Thinking Machines Lab, the AI startup launched by former OpenAI CTO Mira Murati, unveiled its first proprietary model, Inkling, on Wednesday morning. In a deliberate departure from the flagship offerings of OpenAI, Anthropic, and Google, Inkling is open-weight, meaning external developers and companies can download, inspect, and modify the underlying model directly.

Inkling operates as a mixture-of-experts system with 975 billion total parameters. For any specific task, it activates only a fraction of that capacity,roughly 41 billion parameters,a standard architectural choice that keeps massive models faster and more economical to run. The model was trained on 45 trillion tokens spanning text, image, audio, and video, and can reason natively across all four modalities, though its outputs currently remain limited to text, including code, styled artifacts, and structured data.

This release marks Thinking Machines Lab’s first public milestone after a year and a half of largely behind-the-scenes infrastructure work. Some of that effort surfaced earlier in a May research preview of “interaction models,” which were designed to listen, speak, and even interrupt rather than wait passively like typical chatbots. More fundamentally, Inkling tests the startup’s core thesis: that AI systems organizations can adapt for themselves will outperform the one-size-fits-all models the biggest labs currently sell.

Inkling is engineered to deliver calibrated answers, explicitly flagging uncertainty instead of guessing, and allows users to adjust “thinking effort” up or down to prioritize speed. On one benchmark, the company reports Inkling uses a third as many tokens as Nvidia’s Nemotron 3 Ultra to achieve the same coding performance.

The company does not claim Inkling is best-in-class. Its briefing materials state plainly that Inkling is “not the strongest model available today, closed or open.” Instead, the emphasis is on well-rounded performance and customizability.

This raises a central question for the enterprise market Thinking Machines is targeting. For now, the company is marketing Inkling less as a finished product and more as a starting point for organizations to fine-tune through Tinker, its model-customization platform. That means customers, not Thinking Machines, bear responsibility for ensuring their customizations are safe. Fine-tuning, after all, requires serious machine learning talent.

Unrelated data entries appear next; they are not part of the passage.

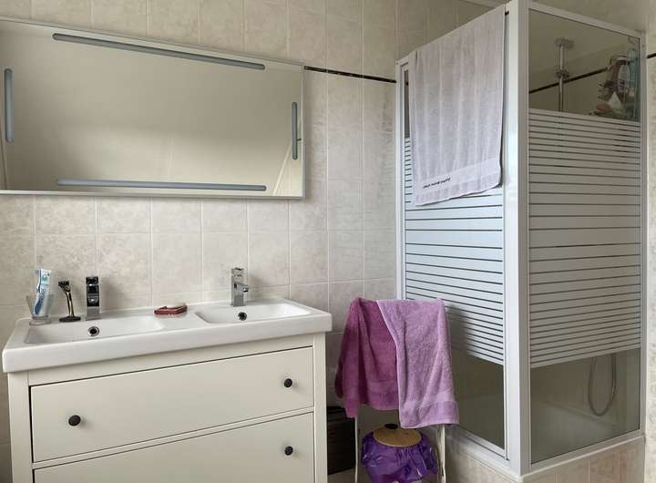 Der lichtdurchflutete Wohn-/Essbereich ist mit Parkett versehen und gestattet einen erholsamen Blick in den reizvollen Garten. Großzügige Terrassentüren und Fenster lassen von morgens bis abends viel Licht einfallen. Die moderne Einbauküche, die direkt an den Wohnraum grenzt, bietet Hobbyköchen einen Herd mit Ceranfeld, Dunstabzugshaube, Kühl-Gefrierkombination, Spüle sowie ausreichend Schränke und Glashängeschränke. Eine kleine Frühstückstheke im Farbton der Arbeitsplatte sieht chic aus und rundet das Angebot ab. Das Gäste-Bad im Erdgeschoss verfügt zusätzlich über eine weiße Dusche.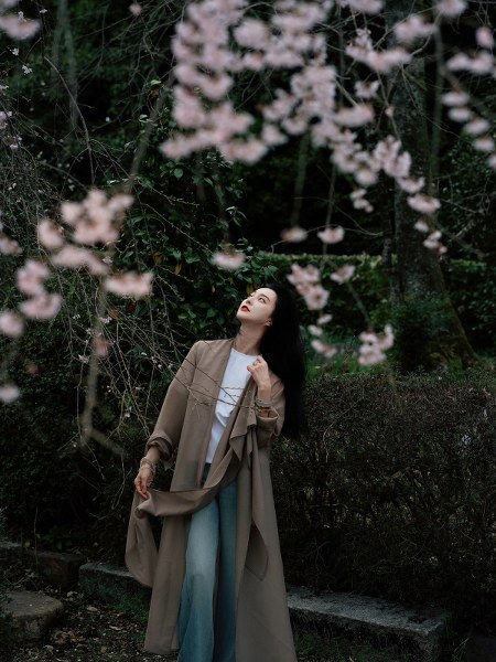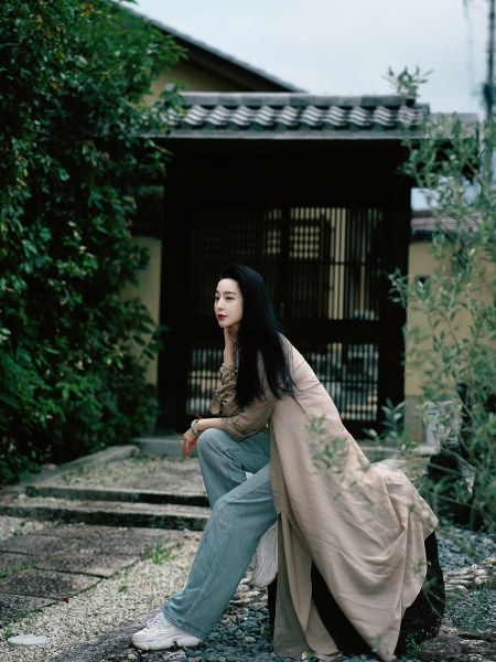 Khi du lịch Nhật Bản tháng 3, người đẹp kết hợp áo thun, quần jeans và áo choàng free size.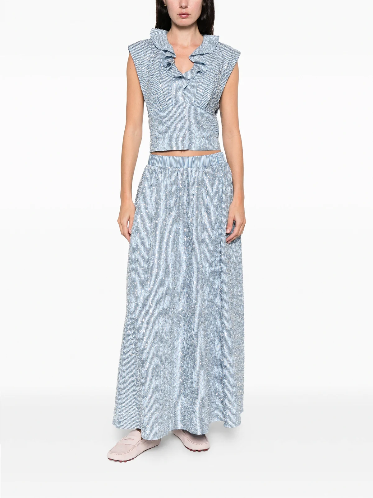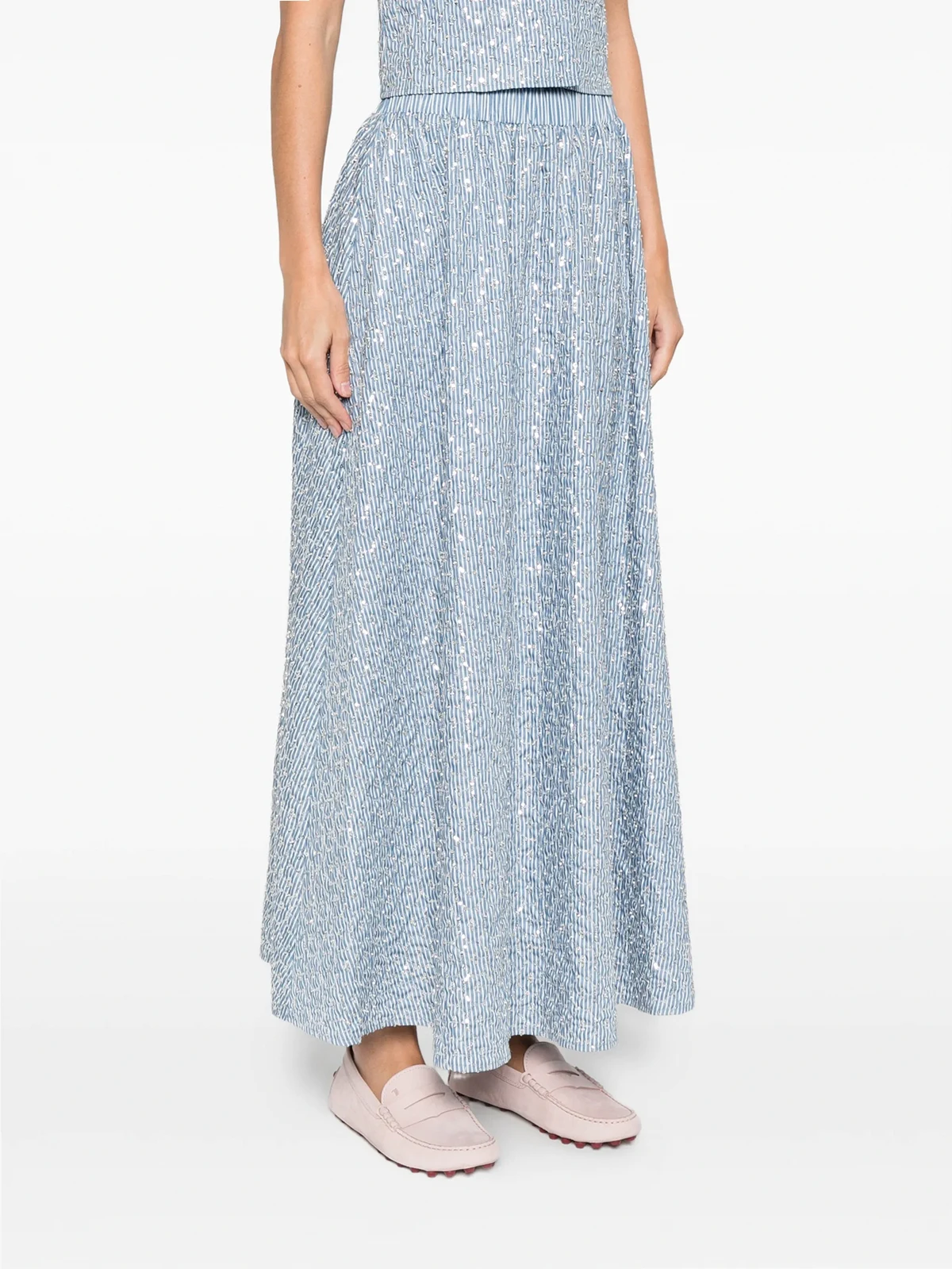 SANDRO striped-pattern embellished maxi skirt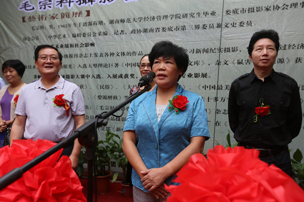 婁底市有關領導為毛宗科攝影藝術展覽剪彩。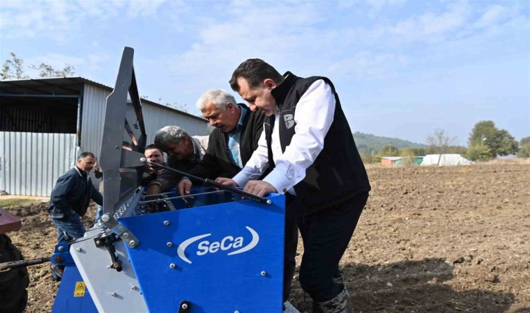 Kırsala yatırımlarını hız kesmeden sürdürdüklerini vurgulayan Başkan Yılmaz, “Geçtiğimiz günlerde 25 adet tohum eleme makinesini kırsal mahallelerimize dağıttık. Hem selektör makinesinin hem de sarımsak ekim makinesinin nasıl çalıştığını, üreticimize nasıl fayda sağladığını yerinde görelim istedik. Sarımsak ekim makinesi gelmeden önce 13 kadınımız bir günde bir dönümü zor bitiriyordu. Şimdi ise bir saatte sarımsak ekimi tamamlanıyor.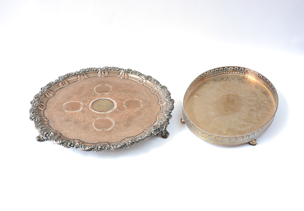 Lotto composto da due vassoi in metallo argentato: un salver con decoro a rocaille e un vassoio ovale con ringhiera traforata (l max cm 49) (difetti)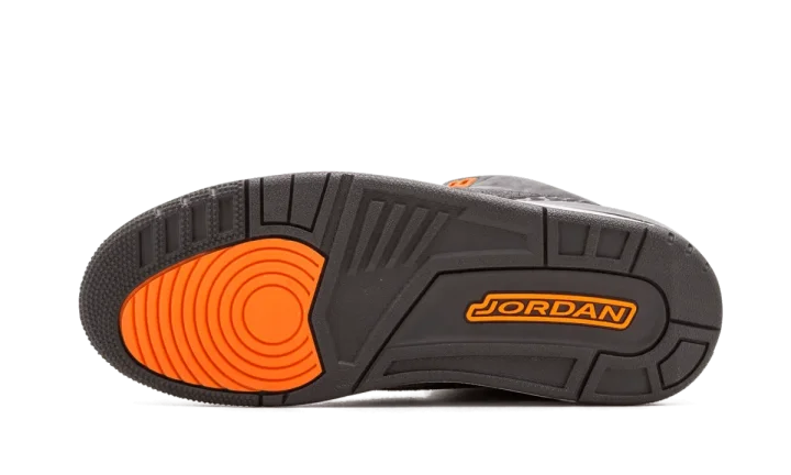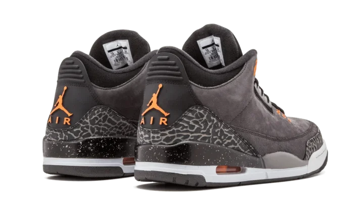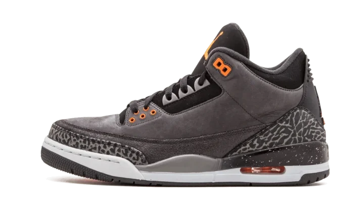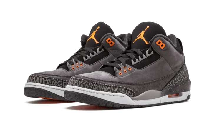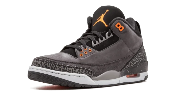 From the "Fear Pack" of 2013, this Air Jordan 3 features a dark grey and black leather upper with orange accents.

OpenAI, Anthropic, and Google have taken a very different path with ChatGPT, Claude, and Gemini, respectively, building them as general-purpose chatbots first, with agentic features layered on top. Thinking Machines argues that AI trained centrally by one company and frozen in place underperforms AI that organizations shape themselves, because so much expertise is specific to the people who hold it.

That argument is gaining traction. In a blog post published Sunday, Microsoft CEO Satya Nadella, whose company has invested billions in both OpenAI and Anthropic, warned that enterprises using proprietary AI models effectively pay twice: once in subscription costs, and again by handing over business knowledge embedded in their prompts and corrections, which can be absorbed into future model versions.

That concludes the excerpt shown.